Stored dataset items
::::::

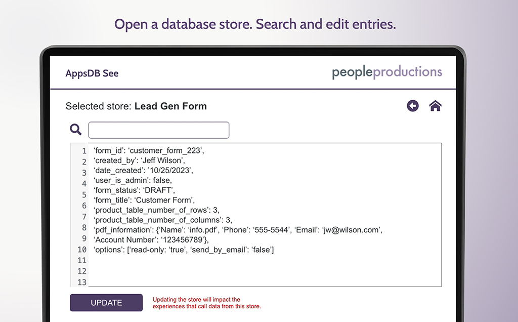 Also, your developer team is likely struggling with keeping track of the databases they have made within Showpad. What are the data store names, how can we best create coordinated store names, or has a store been lost that has valuable information your team has collected? With AppsBD See you’ll be able to see all your available data stores listed on one screen, then click on them to see the actual stored data. In AppsDB See, you can rename, customize data sorting, and edit your data stores.
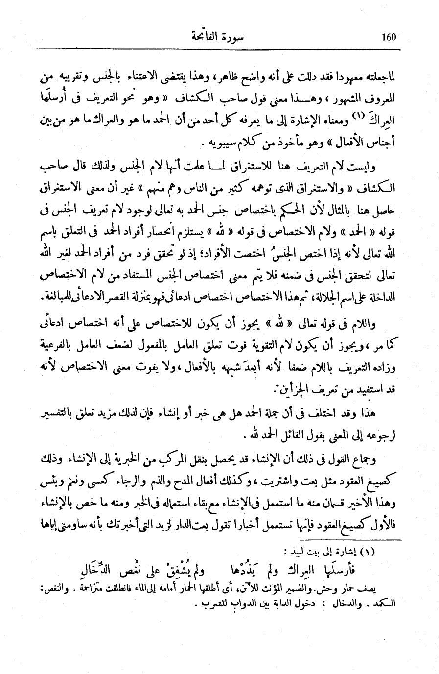 وَمَعْنَاهُ الْإِشَارَةُ إِلَى مَا يَعْرِفُهُ كُلُّ أَحَدٍ مِنْ أَنَّ الْحَمْدَ مَا هُوَ وَالْعِرَاكَ مَا هُوَ مِنْ بَيْنِ أَجْنَاسِ الْأَفْعَالِ» وَهُوَ مَأْخُوذٌ مِنْ كَلَامِ سِيبَوَيْهِ.
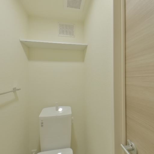 収納棚の存在(確度86%):便器上部に奥行き浅めのオープン棚が1段設置されている。トイレットペーパーや掃除用具の置き場にできる。
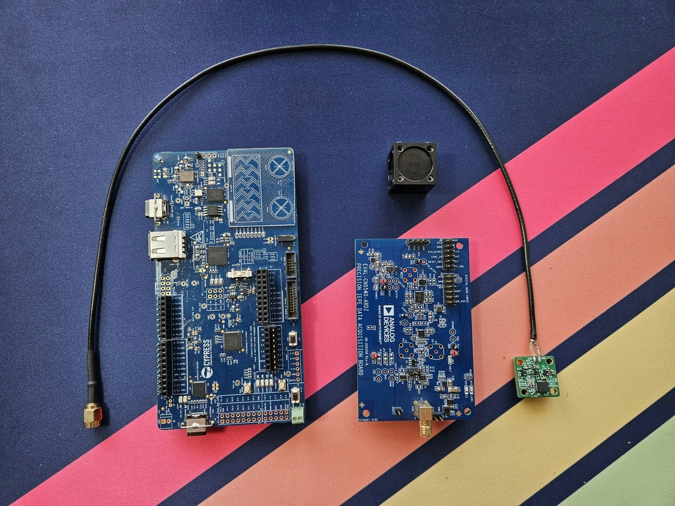 For this application, we will use a condition-based prototyping platform developed by Analog Devices (CN0549) and PSOC 6 Wifi-BT Pioneer Kit by Infineon. The CN0549 is a condition-based monitoring platform based around the integrated electronic piezoelectric (IEPE) standard, a popular signaling interface standard for high-end microelectronic mechanical systems (MEMS) and piezo sensors that are prevalent in industry today. The kit comes with a mechanical mount optimized for vibration fidelity. For setting up the board with the sensor and to learn more about the hardware, please refer to the links below: The anchor of this solution is Infineon’s PSOC 6 Wifi-BT Pioneer Kit. The application processor is performance-optimized and runs at 150 MHz, and the co-processor is an Arm M0 core, which can run at 100 MHz. Both cores are power-efficient. It has a floating-point unit (FPU), an 8 KB 2-way associative cache, 1 MB Flash, and 288 KB RAM. The board also has a capacitive sensing block and the capability of programmable digital and analog blocks known as PSOC. It is an excellent pick for developing edge ML applications requiring a direct sensor interface. Moreover, board Wi-Fi support and a USB host device can be helpful for high-speed data logging. Here are some pictures of the hardware before and after the assembly. Refer to the CN0549 reference guide for sensor-specific modifications, such as selecting coaxial wire and jumper settings. Switch theSW7 to position one on the MCU board side, ensuring that the sensor board is powered from kitprog2 stable VDD supply. Also, ensure the board is in daplink mode for easy debugging in the software section.
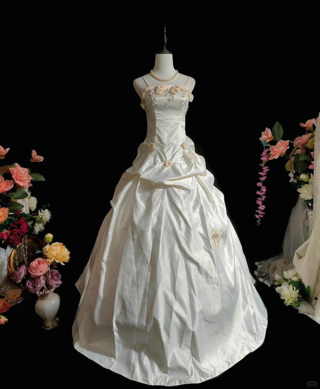 Elegante Spaghettiträger Applikationen Blume Plissee Abendkleid Sweet 16 Kleid Geburtstagsparty Kleid Ballkleid D2072

::::::

_PROBLEM STATEMENT_
Now reproduce all of the entries precisely, with no pictures in the copy.

_RESPONSE TO THE TASK_
 Also, your developer team is likely struggling with keeping track of the databases they have made within Showpad. What are the data store names, how can we best create coordinated store names, or has a store been lost that has valuable information your team has collected? With AppsBD See you’ll be able to see all your available data stores listed on one screen, then click on them to see the actual stored data. In AppsDB See, you can rename, customize data sorting, and edit your data stores.
 وَمَعْنَاهُ الْإِشَارَةُ إِلَى مَا يَعْرِفُهُ كُلُّ أَحَدٍ مِنْ أَنَّ الْحَمْدَ مَا هُوَ وَالْعِرَاكَ مَا هُوَ مِنْ بَيْنِ أَجْنَاسِ الْأَفْعَالِ» وَهُوَ مَأْخُوذٌ مِنْ كَلَامِ سِيبَوَيْهِ.
 収納棚の存在(確度86%):便器上部に奥行き浅めのオープン棚が1段設置されている。トイレットペーパーや掃除用具の置き場にできる。
 For this application, we will use a condition-based prototyping platform developed by Analog Devices (CN0549) and PSOC 6 Wifi-BT Pioneer Kit by Infineon. The CN0549 is a condition-based monitoring platform based around the integrated electronic piezoelectric (IEPE) standard, a popular signaling interface standard for high-end microelectronic mechanical systems (MEMS) and piezo sensors that are prevalent in industry today. The kit comes with a mechanical mount optimized for vibration fidelity. For setting up the board with the sensor and to learn more about the hardware, please refer to the links below: The anchor of this solution is Infineon’s PSOC 6 Wifi-BT Pioneer Kit. The application processor is performance-optimized and runs at 150 MHz, and the co-processor is an Arm M0 core, which can run at 100 MHz. Both cores are power-efficient. It has a floating-point unit (FPU), an 8 KB 2-way associative cache, 1 MB Flash, and 288 KB RAM. The board also has a capacitive sensing block and the capability of programmable digital and analog blocks known as PSOC. It is an excellent pick for developing edge ML applications requiring a direct sensor interface. Moreover, board Wi-Fi support and a USB host device can be helpful for high-speed data logging. Here are some pictures of the hardware before and after the assembly. Refer to the CN0549 reference guide for sensor-specific modifications, such as selecting coaxial wire and jumper settings. Switch theSW7 to position one on the MCU board side, ensuring that the sensor board is powered from kitprog2 stable VDD supply. Also, ensure the board is in daplink mode for easy debugging in the software section.
 Elegante Spaghettiträger Applikationen Blume Plissee Abendkleid Sweet 16 Kleid Geburtstagsparty Kleid Ballkleid D2072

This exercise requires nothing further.